>>>

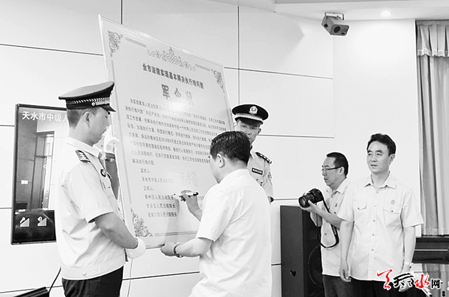 為了實(shí)現(xiàn)基本解決執(zhí)行難問題,天水市7個(gè)基層法院的院長簽訂了在兩年內(nèi)基本解決執(zhí)行難問題軍令狀,向執(zhí)行難宣戰(zhàn)。
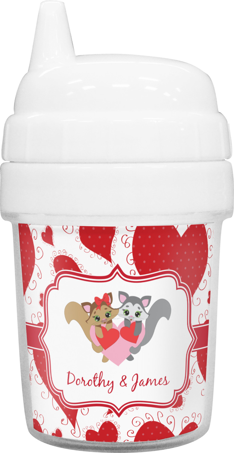 Our toddler cups are free of BPA, and have a twist-open lid so that you can easily fill and clean these cups for your young ones. Each cup also comes with a sippy nozzle to reduce spills. We offer these custom sippy cups in two different sizes; we have a baby sippy cup that holds 5 ounces, and a toddler sippy cup that holds 10 ounces. Your customization is printed on a premium glossy media insert that is placed within these toddler drinking cups.
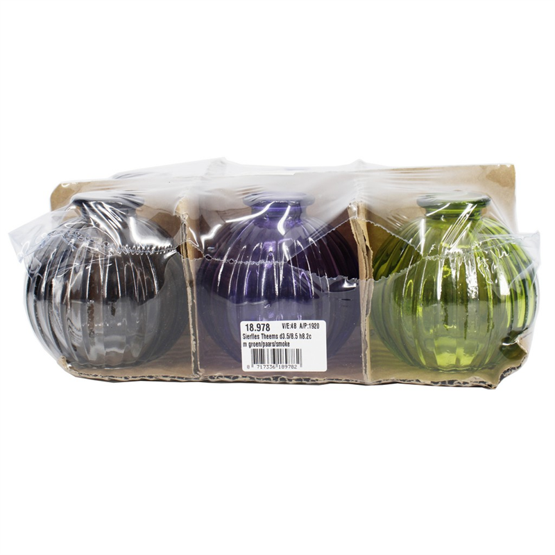 Bolfles Theems van Floran heeft een afmeting van D3.5/8.5 H8.2cm is verkrijgbaar in een assorti van 3 kleuren, groen/paars en smoke. Ga voor eenheid met een set vazen in dezelfde kleur, of kies voor een kleurrijk geheel door te combineren met Rhone of Theems.
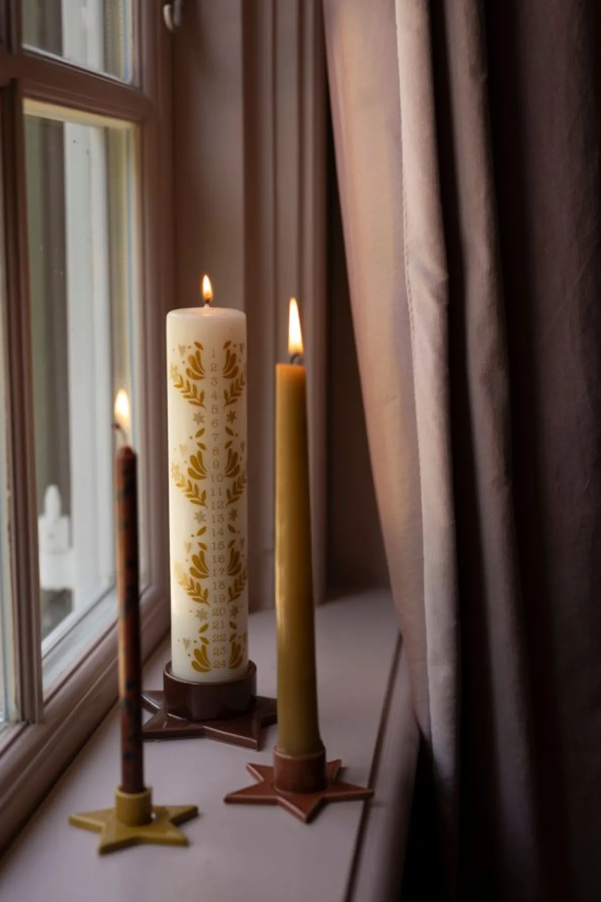 Sfeervolle, klassieke kerstkandelaar van porselein, in de vorm van een kerstster met vijf punten. In de kandelaar past onze minikaars met doorsnede 1,2 cm. Deze kerstkandelaar is zowel mooi om alleen neer te zetten als in een groepje met andere kandelaars.
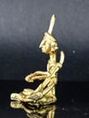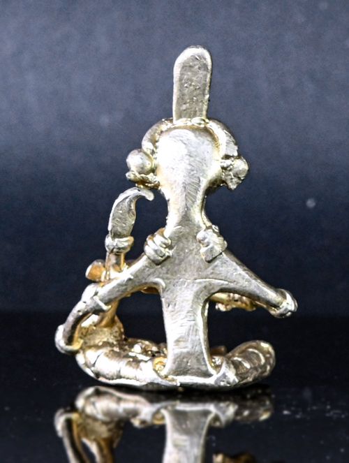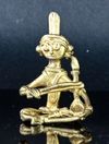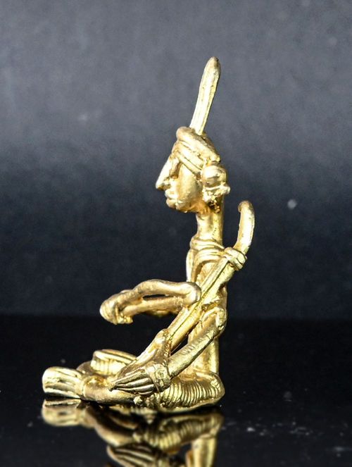 This exquisite Dokra sculpture portrays a tribal man, in sitting posture and playing the traditional banam, meticulously crafted in brass. It makes a splendid addition to any setting, whether adorning your desk or presented as a thoughtful gift. Its intricate details are sure to captivate and spark conversations, while also offering a glimpse into the rich heritage of this ancient craft and the remarkable skill of its artisan creator, perhaps even igniting a touch of inspiration.
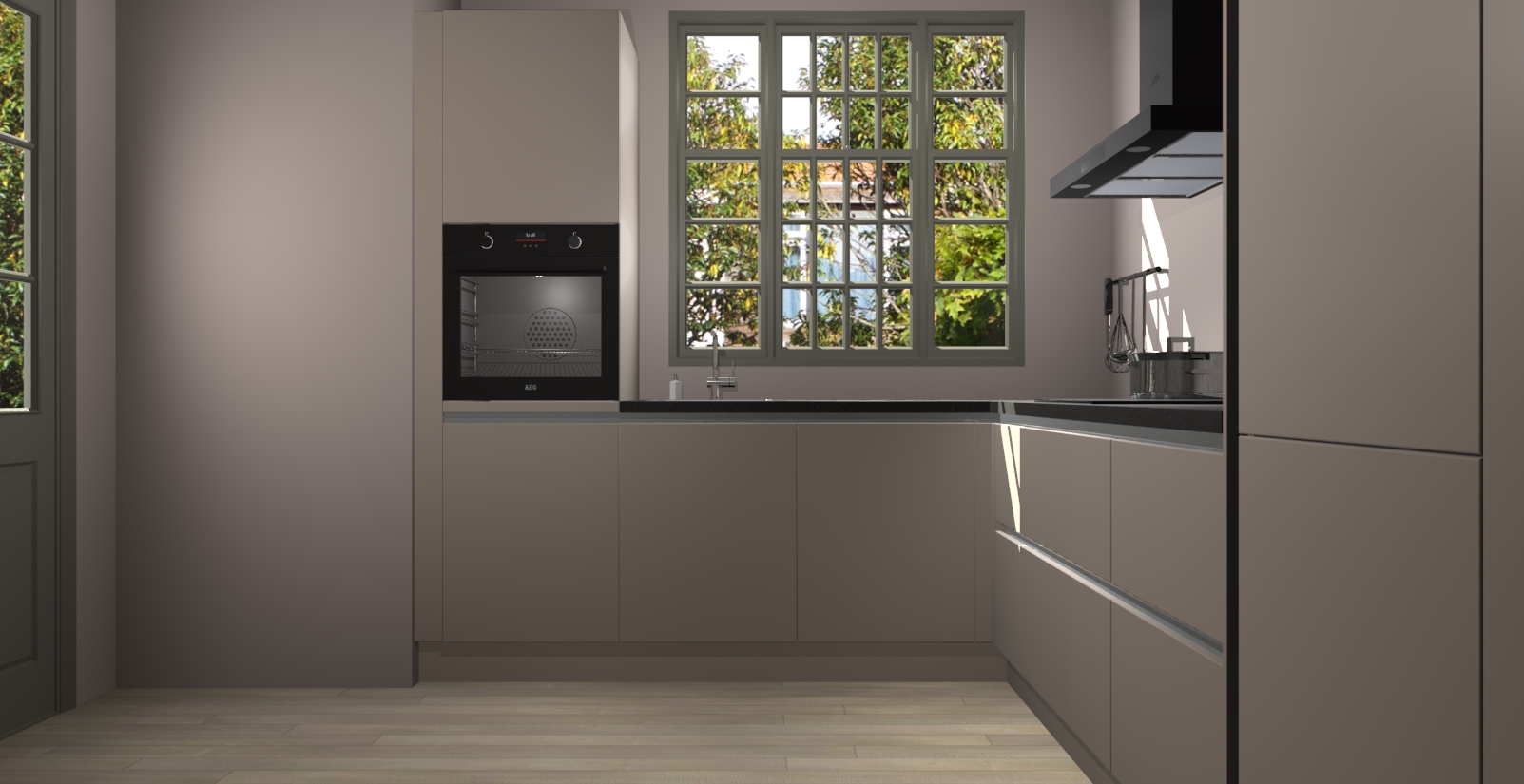 Met een modern, tijdloos design en ruime opslagruimte, zult u zich in no-time thuis voelen in uw nieuwe keuken. Uw leven wordt eenvoudiger met de soft-close deuren die voor het ultieme stille comfort zorgen - geen geluid dat u stoort terwijl u kookt. Ook is de keuken voorzien van 5 ingebouwde apparaten: een oven, inductie kookplaat, afzuigkap, vaatwasser en koelkast. Deze kunnen gemakkelijk na bestelling worden bijgewerkt naar AEG - waardoor uw luxe ervaring compleet is.
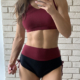 Strój Luna w kolorze czarnym. Uszyty jest z mocno elastycznej i połyskliwej tkaniny. Top na szerokich ramiączkach z ozdobnymi paseczkami ułożonymi na krzyż, wewnątrz posiada miejsce na wkładki. Szorty typu brazyliany z wysokim sanem i paseczkami na udach. Eksponują pośladki i podkreślają talie, dodatkowo z modelująca gumką na pupie. We wszystkich paseczkach wszyte są gumki, nie wrzynają się. Komplet będzie świetnym wyborem dla każdej kobiety chcącej się wyróżnić. Doskonale leży, a jeszcze lepiej prezentuje się na żywo.

<<<

■ **WHAT THIS TASK INVOLVES**
Each record above must be retyped exactly as given, with the images excluded.

■ **WRITTEN REPLY**
 為了實(shí)現(xiàn)基本解決執(zhí)行難問題,天水市7個(gè)基層法院的院長簽訂了在兩年內(nèi)基本解決執(zhí)行難問題軍令狀,向執(zhí)行難宣戰(zhàn)。
 Our toddler cups are free of BPA, and have a twist-open lid so that you can easily fill and clean these cups for your young ones. Each cup also comes with a sippy nozzle to reduce spills. We offer these custom sippy cups in two different sizes; we have a baby sippy cup that holds 5 ounces, and a toddler sippy cup that holds 10 ounces. Your customization is printed on a premium glossy media insert that is placed within these toddler drinking cups.
 Bolfles Theems van Floran heeft een afmeting van D3.5/8.5 H8.2cm is verkrijgbaar in een assorti van 3 kleuren, groen/paars en smoke. Ga voor eenheid met een set vazen in dezelfde kleur, of kies voor een kleurrijk geheel door te combineren met Rhone of Theems.
 Sfeervolle, klassieke kerstkandelaar van porselein, in de vorm van een kerstster met vijf punten. In de kandelaar past onze minikaars met doorsnede 1,2 cm. Deze kerstkandelaar is zowel mooi om alleen neer te zetten als in een groepje met andere kandelaars.
 This exquisite Dokra sculpture portrays a tribal man, in sitting posture and playing the traditional banam, meticulously crafted in brass. It makes a splendid addition to any setting, whether adorning your desk or presented as a thoughtful gift. Its intricate details are sure to captivate and spark conversations, while also offering a glimpse into the rich heritage of this ancient craft and the remarkable skill of its artisan creator, perhaps even igniting a touch of inspiration.
 Met een modern, tijdloos design en ruime opslagruimte, zult u zich in no-time thuis voelen in uw nieuwe keuken. Uw leven wordt eenvoudiger met de soft-close deuren die voor het ultieme stille comfort zorgen - geen geluid dat u stoort terwijl u kookt. Ook is de keuken voorzien van 5 ingebouwde apparaten: een oven, inductie kookplaat, afzuigkap, vaatwasser en koelkast. Deze kunnen gemakkelijk na bestelling worden bijgewerkt naar AEG - waardoor uw luxe ervaring compleet is.
 Strój Luna w kolorze czarnym. Uszyty jest z mocno elastycznej i połyskliwej tkaniny. Top na szerokich ramiączkach z ozdobnymi paseczkami ułożonymi na krzyż, wewnątrz posiada miejsce na wkładki. Szorty typu brazyliany z wysokim sanem i paseczkami na udach. Eksponują pośladki i podkreślają talie, dodatkowo z modelująca gumką na pupie. We wszystkich paseczkach wszyte są gumki, nie wrzynają się. Komplet będzie świetnym wyborem dla każdej kobiety chcącej się wyróżnić. Doskonale leży, a jeszcze lepiej prezentuje się na żywo.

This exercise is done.